Procedures for Phone Interviews with Program Staff – Individual interviews with the PI, co-PIs, Program Director, and local evaluator from each awardee institution will be conducted annually. The interviews will be conducted within a three-month period at the end of each calendar year throughout the duration of the BEST grant. Interviews will be scheduled at the convenience of the interviewees. The participation in phone interviews is voluntary. Program staff will be asked if they agree to be interviewed and if they agree to audio recording of their interview. Attachment B.2.1.5 contains the invitation for the phone interviews.
Procedures for Data Form for PIs – The Data Form consists of four sections. Four excel files, one for each section, will be provided to PIs. Section 1 and 2 will be submitted yearly. Section 3 will be submitted only in FY 2015, and Section 4 will be submitted once in year four of the BEST award. PIs will be asked to submit each section along with the required NIH annual Research Performance Progress Report (RPPR).
Qualitative Data – Content analysis will be used to analyze the data collected from phone interviews and open-ended questions from the surveys.
Quantitative Data – The first desired outcome will be assessed using a two-level repeated measures design with multiple measurement points nested within individual. This approach allows the main and interaction effects in a two-group repeated measures design to be captured. All models will be specified using the Mplus statistical software package. Mplus provides significant flexibility in modeling and the management of a variety of data structures (Muthén & Muthén, 1998-2011)4. Mplus also offers a robust set of routines for handling missing data.
The second desired impact, improved employment outcomes, will be assessed using survival analysis techniques, specifically discrete time survival analysis. For graduate students, the outcome of interest is possible differences in time from graduation to research-related employment. For postdoctoral scientists, the outcome of interest is the duration of the postdoctoral appointment. Shorter terms are assumed to imply gainful research-related employment beyond the postdoctoral appointment. The discrete time survival analysis models allow the analyst to predict the occurrence and timing of non-repeatable events (Allison, 1995; Teachman, 1983)5 such as initial non-terminal employment. Discrete (as opposed to continuous) form of the model will be used because the measure of interest is the status of employment in units of months, where there are likely many ties at each discrete time point (i.e., many respondents are likely to experience the employment event of interest within any month). The discrete time model will provide adjusted probabilities of experiencing the non-terminal employment for each time period in the series. The initial observation period will span from the time of the exit survey administration (origin time) in phase one of the study to the time period in which the two-year follow-up survey is administered, or 24 months.
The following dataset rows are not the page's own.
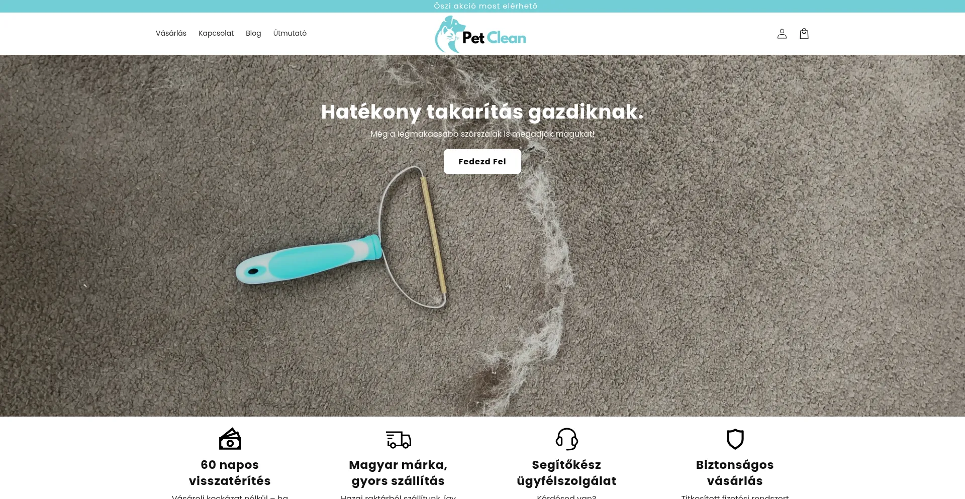 Analysis indicates that petclean.hu operates as an e-commerce platform facilitating online transactions for goods or services. The website implements shopping cart functionality, payment processing systems, and product catalog features typical of commercial retail operations.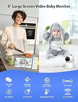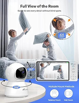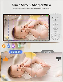 نظارت با دید گسترده - مانیتور ما بهترین دید را به شما میدهد. تا ۳۵۵ درجه و ۱۱۵ درجه به بالا و پایین میچرخد. از سوی دیگر، تصاویر با وضوح ۷۲۰ HD واضح و شفاف هستند. از ویدیوها و صداهای با کیفیت در زمان واقعی لذت ببرید که به شما کمک میکند با دانستن اینکه کودک شما در امان است، آرامش پیدا کنید. صفحه نمایش بزرگ ۵ اینچی تا ده برابر جزئیات و دقت بیشتری نسبت به مانیتورهای استاندارد دارد. ما با انتقال تمام فیدها از طریق کانال ۲.۴ گیگاهرتز با فناوری FHHS، حفظ حریم خصوصی شما را تضمین میکنیم.
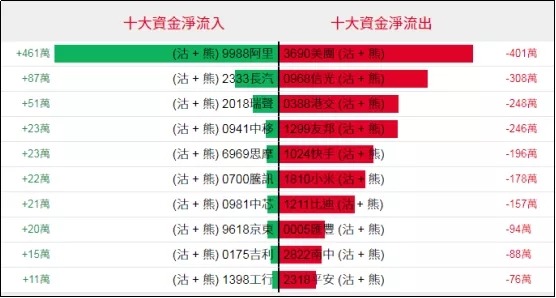淡仓(认沽证及熊证)方面,周二阿里相关淡仓单日录得461万港元资金净流入,美团相关淡仓单日录得401万港元资金净流出。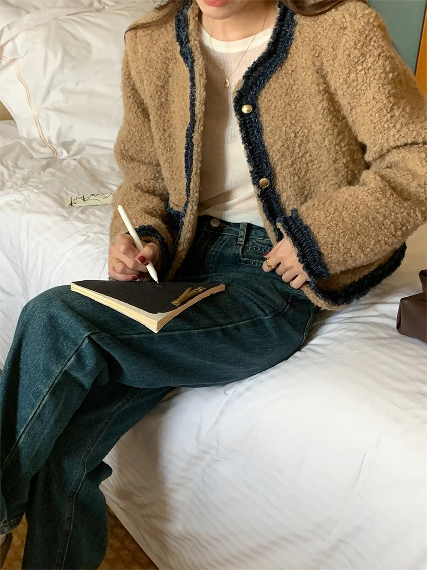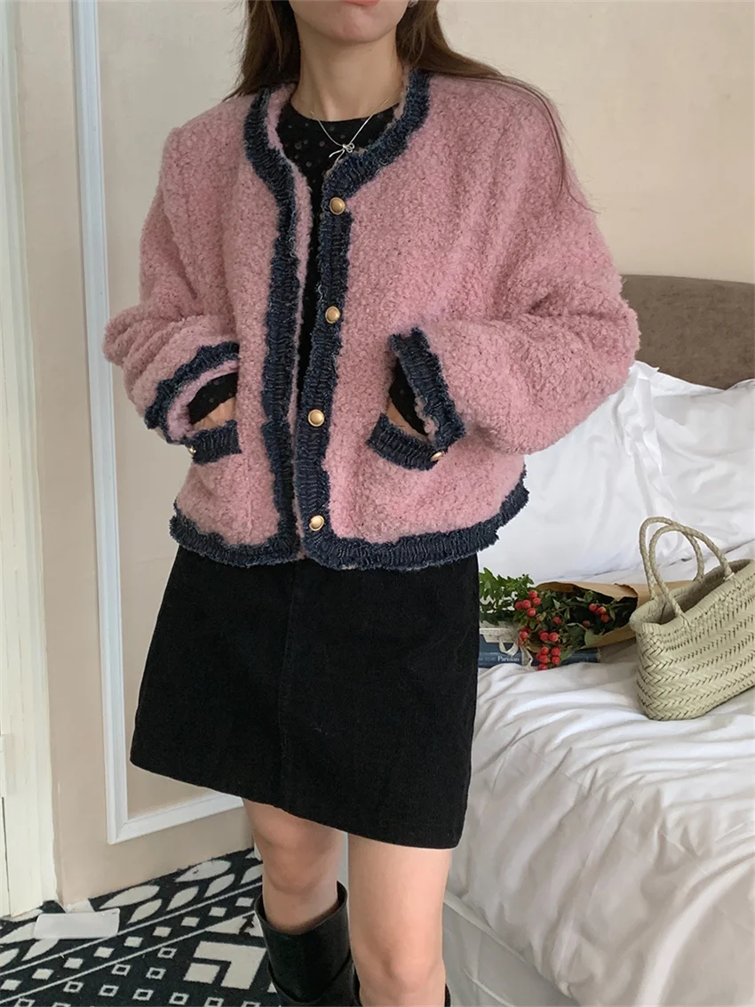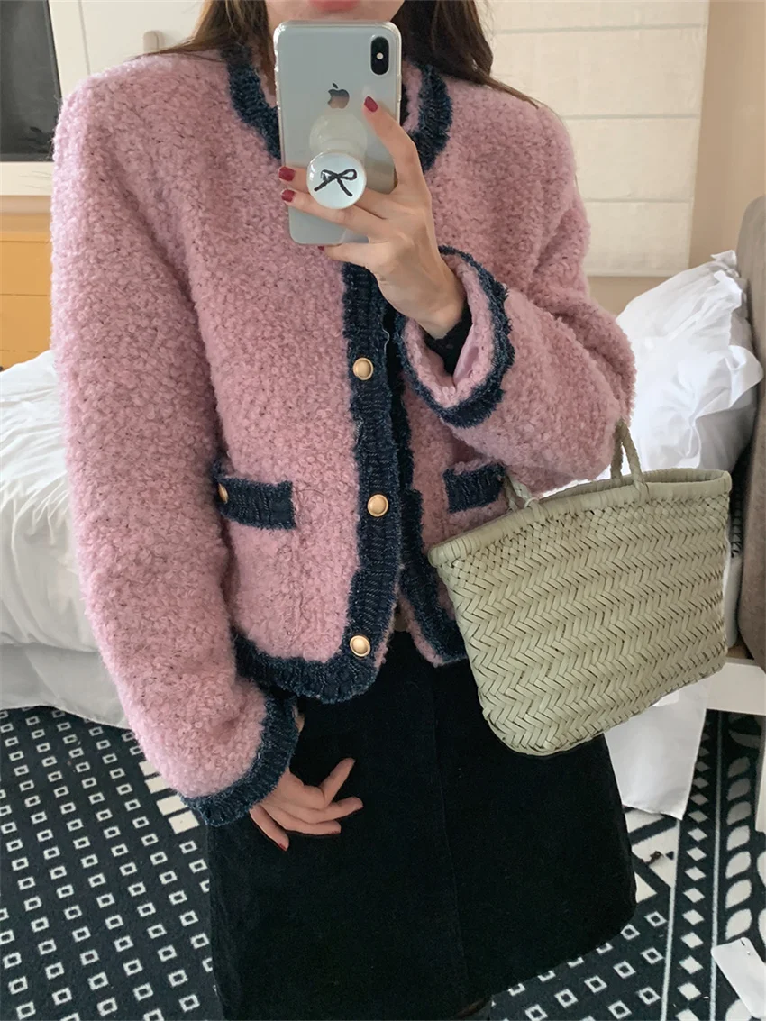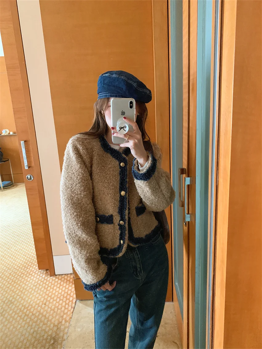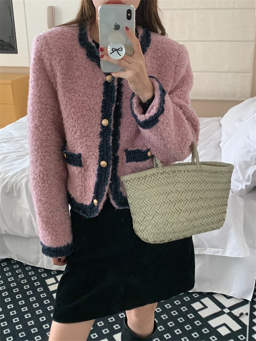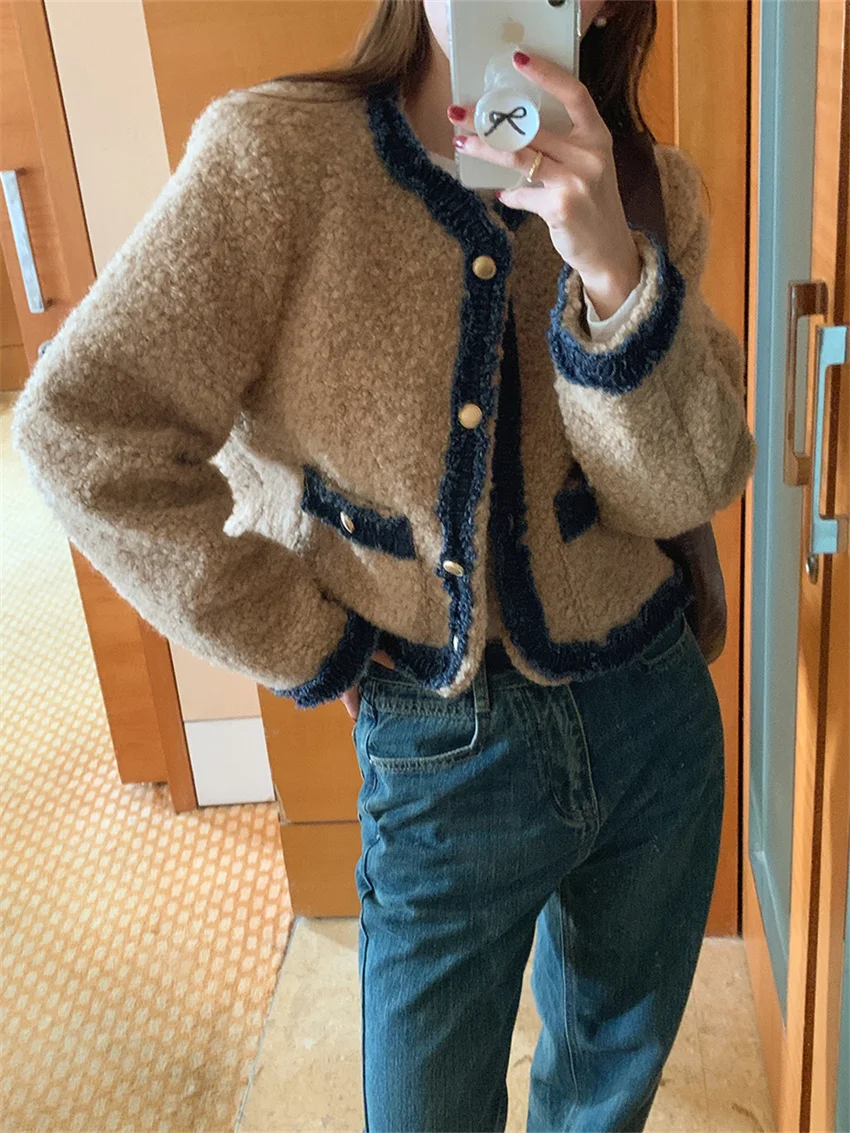 KYLETHOMASW - Office Wear Coats Women Lamb Wool Chic Gentle Winter Elegant Lady Slim New Full Sleeve Warm Casual OL Loose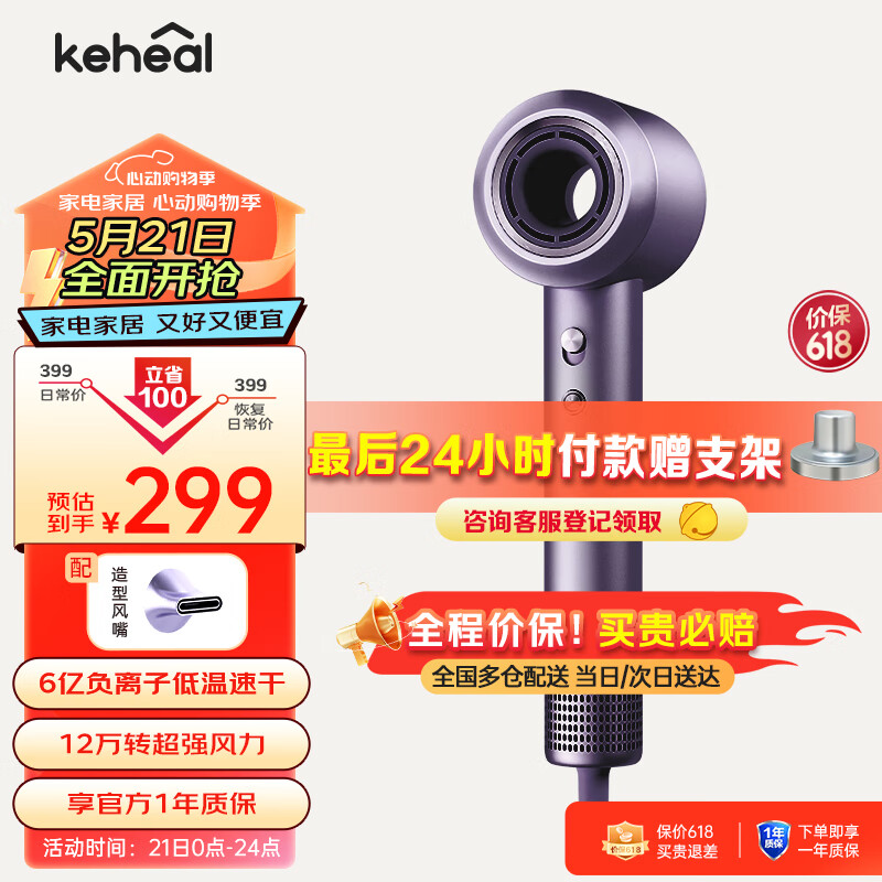 KEHEAL科西高速吹风机 家用静音负离子大风力大功率不伤发电吹风速干护发吹风筒礼物推荐 HC2星云紫价格:325.00元!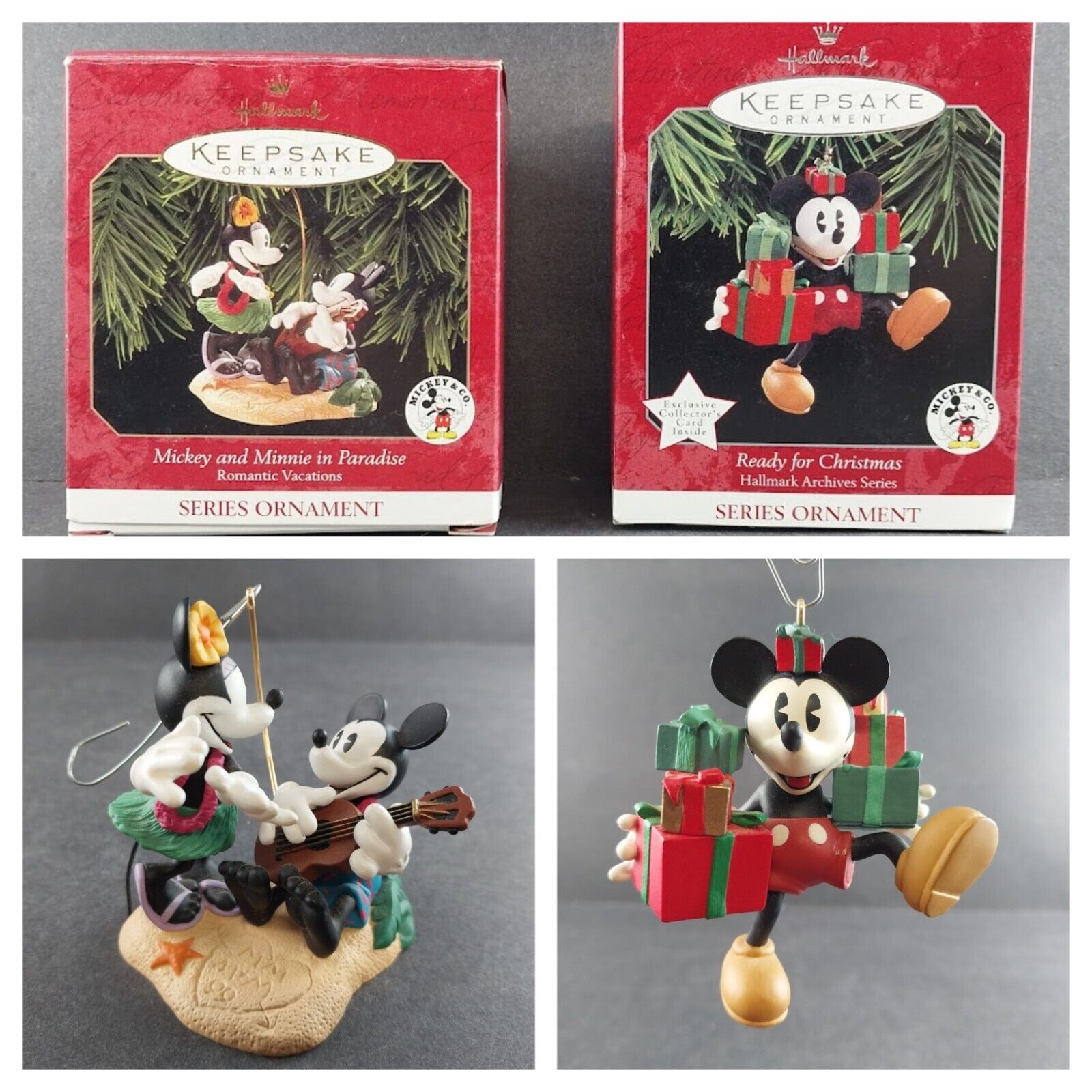 2 Hallmark Keepsake Series Christmas Ornaments from 1998 1999 Mickey and Co Vtg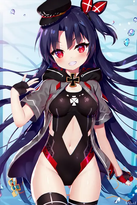 | 학습된 단어 | zzU73, red eyes, black hair, hair ornament, hair ribbon, long hair, one side up, 복사됨! zzU73, red eyes, black hair, hair ornament, hair ribbon, long hair, one side up, hat, jacket, gloves, very long hair, swimsuit, short sleeves, fingerless gloves, iron cross, one-piece swimsuit, center opening, black thighhighs, 복사됨! |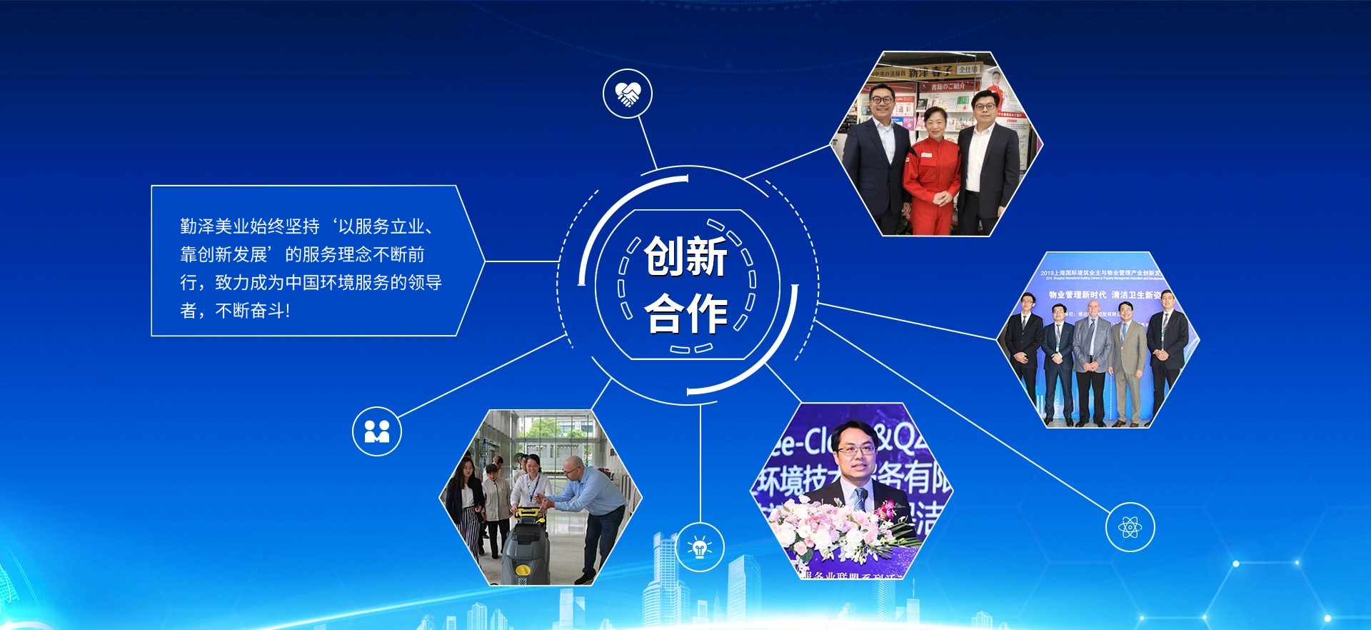 公司致力于把“勤澤美業”培育成眾口皆碑、令人尊敬、具有長期價值的服務領袖品牌。業務范圍涵蓋環(huán)境清潔和綜合設施管理服務,公司具備環(huán)衛、保潔、石材等多個行業一級資質,致力成為中國環(huán)境服務行業的領導者。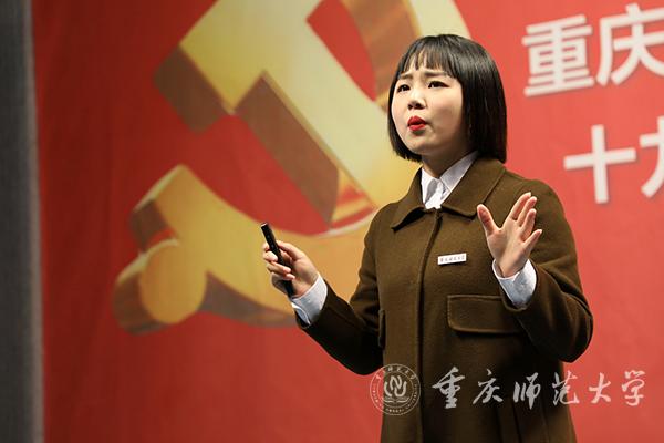 马克思主义学院思想政治教育专业的学生结合国情,引用大量鲜活的史料、事例和数据,声情并茂地对十九届四中全会精神进行了精确阐释。“奇迹,就是将不可能创造出可能。”《说说两个奇迹》凸显出新中国成立70年来,我们党领导人民创造了世所罕见的“经济快速发展”和“社会长期稳定”两大奇迹;《我看文化自信》宣讲掀起了现场的一阵热潮,台下的观众与台上的宣讲人产生强烈的共鸣“中国人民应该有这个信心,每一个中国人都应该有这个信心!”;《联林珍奇》的五组成员在《渔舟唱晚》的古筝伴奏中,吟诵数字联、回文联等30条对联,将对联的对仗美、字形美、音韵美与意蕴美体现得淋漓尽致;《我们是社会主义的建设者和接班人》则清晰地阐述了党的教育方针的历史演进,“德智体美劳”五育并举全面发展的新时代教育方针。宣讲人最后与大家共勉,努力成长为“志存高远,脚踏实地”的新时代有为青年、“德才兼备、知行合一”的高素质人才、德智体美劳全面发展的社会主义建设者和接班人。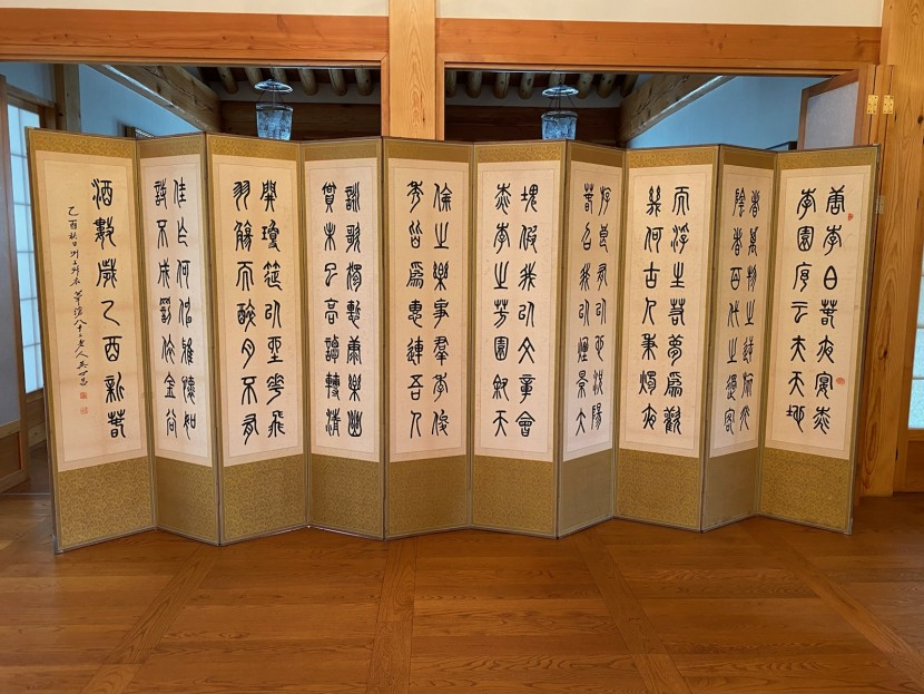 3·1운동 때 민족대표 33인의 한 사람으로, 구한말 독립운동가이자 서예가·언론인인 위창 오세창 선생께서, 82세 되던 봄날에, 당나라 시인 이태백이 지은 ‘춘야연도리원서’를, 전서체로 쓴 10곡병 명품입니다. 10곡으로 맞추기 위해 1곡에는 지은이와 제목을, 10곡에는 쓴 날짜를 더하였습니다.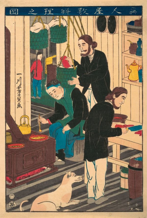 《在一家外国餐馆》,1860年,一川芳员,多色木版画。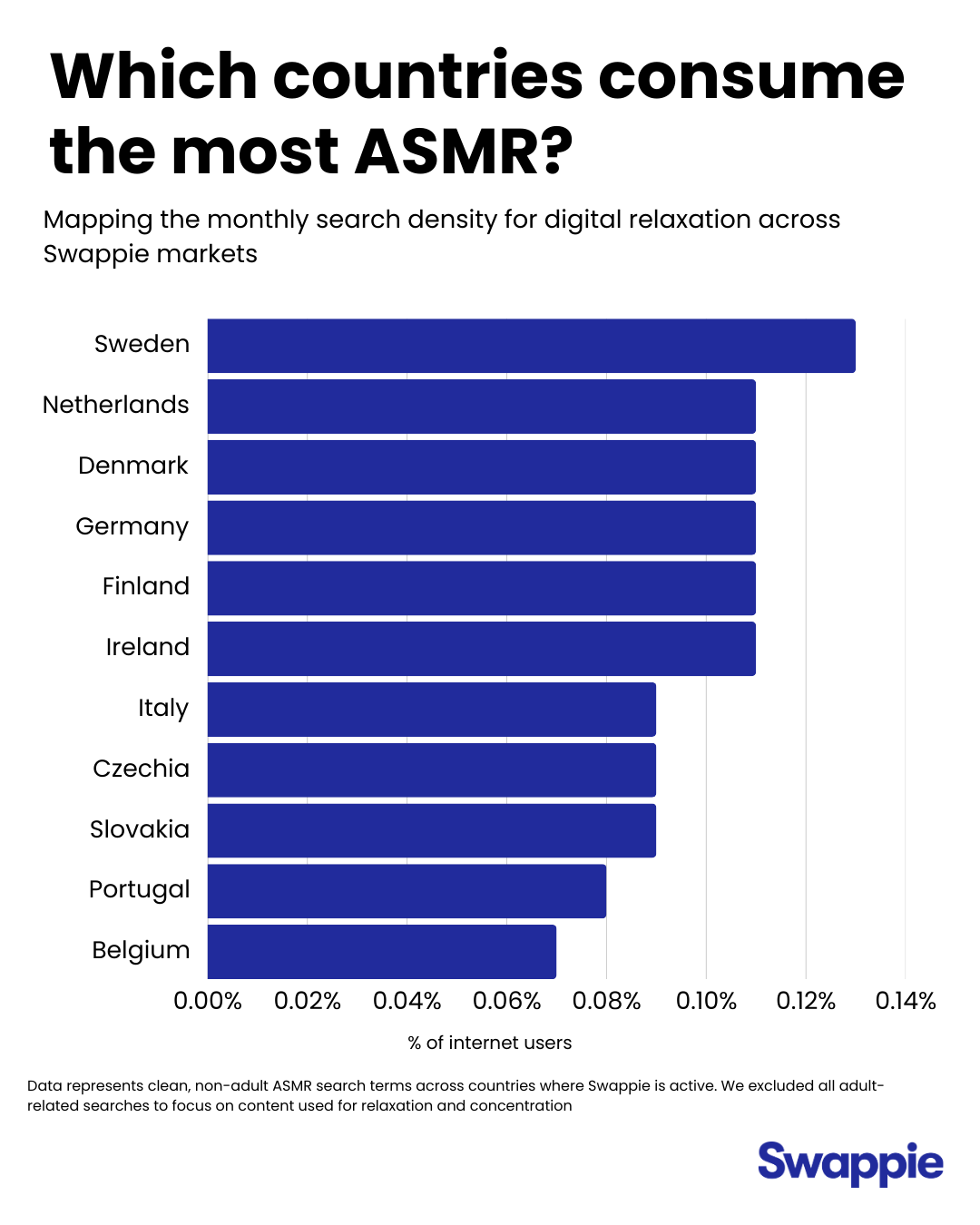 While Germany takes the crown for pure volume with over 86,000 monthly searches, the story changes when we look at interest density. It turns out our fans in Sweden are the true champions of the audio brain massage, with the highest percentage of internet users searching for ASMR.

The discrete time survival model allows for the specification of both fixed and time-varying covariates. Of specific interest in this analytic component will be the possible effect of the BEST programming intervention on the shape of the survival function. The hypothesis is that those participating in the BEST programming intervention will experience a shorter time to employment windows. Therefore, the focus is on specific “treatment,” or BEST program effect.
Missing data – It is anticipated that missing data will be encountered at level-2 for both the graduate student and postdoctoral scientists. The use of listwise deletion of cases with missing data will be avoided, as it is widely known that listwise deletion can result in a tremendous loss of data and biased parameter estimation. The traditional solutions provided in most software programs are listwise, or pairwise deletion or mean substitution of missing data. In most situations, none of these would be considered as optimal (or acceptable) approaches (Enders & Bandalos, 2001)6. For example, listwise deletion leads to inflated standard errors when the data are Missing Completely at Random (MCAR), and biased parameter estimates when the data are Missing at Random (MAR) (Allison, 2002; Larsen, 2011)7. Mean substitution treats individuals with missing data as if they were on the “grand mean” (MCAR), which is also likely to introduce bias in most situations (e.g., by reducing variance). Therefore, Mplus software package’s set of multiple imputation (MI) data procedures will be used, allowing identification of patterns of missing data that can then be substituted with plausible values imputed using the Expectation-Maximization (EM) algorithm. EM is a common method for obtaining maximum likelihood estimates with incomplete data, and has been shown to reduce bias due to missing data (Peugh & Enders, 2004)8. Obtaining estimates involves an iterative, two-step process where missing values are first imputed, and then a covariance matrix and mean vector are estimated. This repeats until the difference between covariance matrices from adjacent iterations differs by a trivial amount. The imputed data sets can be saved as separate data sets and then analyzed. It is often the case, for example, that even with 25-35% missing data, the analyst can impute a number of “random” plausible values for individuals in order to generate a number of new data sets that can be saved for further analysis.
Online
surveys.
Consistent with sound survey methodology, the design of all online
surveys will include approaches to maximize response rates, while
retaining the voluntary nature of the effort. Below is an overview
of the approach to maximize response rate.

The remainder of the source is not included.